Rafe Needleman  |  Nov 16, 2009
The entry hall in my house has been a test bed for home monitoring cameras for years. I like to be able to record people coming into the house and see what's going on around the front door. Anyone with a family and occasional babysitters will understand. So I continue to look for simple, robust video-monitoring solutions, and vendors keep obliging by improving the state of the art in home remote cameras.

The Vue.
(Credit: Rafe Needleman/CNET)

The latest: Two interesting and very different products, Avaak's Vue and the Astak Mole. Both are very easy to get up and running, and neither require monkeying with arcane router settings to get offsite access to the video streams--something that can be a problem with the Panasonic BL-C131a cameras that I otherwise favor. (I've also tried the Logitech WiLife system, and find it quite good.)

The Vue
The Vue is the most unusual remote camera I've seen.

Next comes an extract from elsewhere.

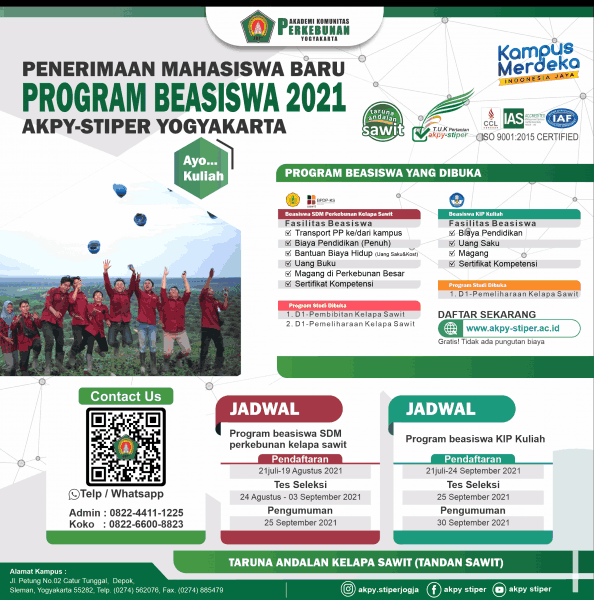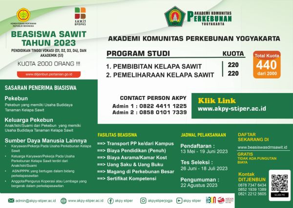 Tahun akademik 2021/2022 Akademi Komunitas perkebunan yogyakarta dipercaya untuk menyelenggarakan 2 program beasiswa diantaranya; Program beasiswa SDM perkebunan kelapa sawit dan beasiswa KIP kuliah.

The product is unchanged from my March 2 preview, but I had a chance to experiment with the shipping version recently. The big benefit of the Vue: The cameras are tiny, battery-powered and thus completely wireless, and the system is extremely easy to set up. You plug an included controller box into your router or switch and tuck it out of the way, and then you can place the cameras anywhere in your house on their clever little stick-on magnetic dome mounts. The standard kit comes with two cameras.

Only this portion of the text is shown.